33 The factors that in combination indicate that the Applicant might not represent a risk to children are these: first, there no is history of any re-offending since 1995; second, the Applicant demonstrates insight and remorse; third, he has received treatment over an extended period which all experts agree to date has been successful.
34 Against this, it must be acknowledged that this is not a case of a one-off offence, which can be put down to uncharacteristic behaviour brought on by a momentary lack of impulse control. The Applicant was attracted to children for a period of nearly 20 years. It is against that background, and taking into account the severity of the index offence, that the assessment of future risk must be made. In making that assessment, I must also take account of Dr Allnutt’s opinion that if the Applicant’s life were to change for the worse he may once again find himself in a position where he became attracted consciously or otherwise to young girls.
35 On the material before me, I cannot be reasonably satisfied that the Applicant would not present a risk to children in any circumstances and I therefore decline to grant an unconditional declaration under s 9(1). Having made that finding, I must now consider whether it is possible to impose conditions in order to lift the Applicant over the risk threshold. The Applicant has indicated that his sole interest in obtaining a declaration under the Child Protection Act was to allow him to return to work as a teacher at TAFE.
36 The Applicant has not put forward any proposed conditions which would allow that assessment to be made. This is not intended as a criticism. He represented himself throughout these proceedings a task he clearly found to be difficult. He has indicated he would be willing to submit to appropriate conditions.

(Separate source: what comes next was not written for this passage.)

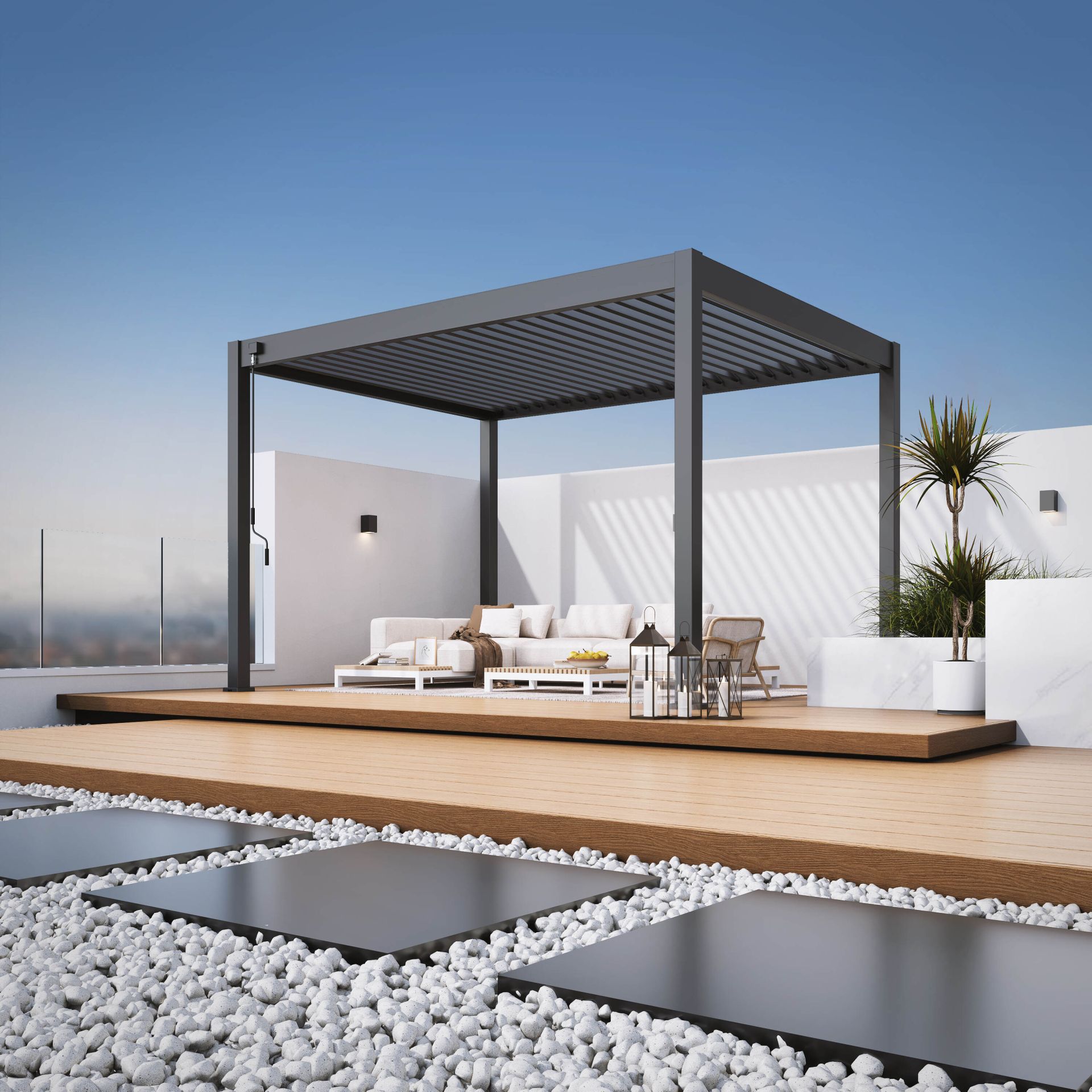 Je Orion Deluxe overkapping uitbreiden met accessoires? Dat kan! Met het Pull Down Zijscherm of het Louvre Shutter paneel zit je heerlijk in de schaduw en beschut tegen de wind. Daarnaast zorgen deze accessoires ook voor meer privacy. Door het unieke ontwerp bevestig je het zijscherm en het paneel volledig geïntegreerd in jouw pergola.

The Respondent has requested to be heard on the question of suitable conditions.
37 Dr Allnutt has proposed a risk management plan, which in my view provides a useful starting point for considering the issue of conditions. It would be inappropriate at this stage to pre-judge what, if any conditions might be formulated, however in fairness I should signal my preliminary view that if I were to grant a declaration under s 9(1), reasonably restrictive conditions under s 9(9) would be required. They would include that the Applicant be barred from working with girls under the age of 18. It may be that ultimately such order would be of little practical use to the Applicant. Whether the Applicant wishes to continue with his application in these circumstances is a matter for him. It is open to him to contact the Tribunal and advise if he does not wish me to proceed to consider the issue of conditions.
38 Accordingly, the matter will be set down for a further hearing to hear submissions on the appropriateness of the conditions proposed by Dr Allnutt and or any other conditions that the parties might propose. It is open to the parties to put on written submissions.
Directions
1. The matter to be set down for a further half-day hearing at a date to be fixed by the Registrar to hear submissions from the parties on the issue of conditions.
2. The parties may elect to put on written submissions on the issue of conditions. Such submissions are to be filed and exchanged no later than 7 days before that hearing.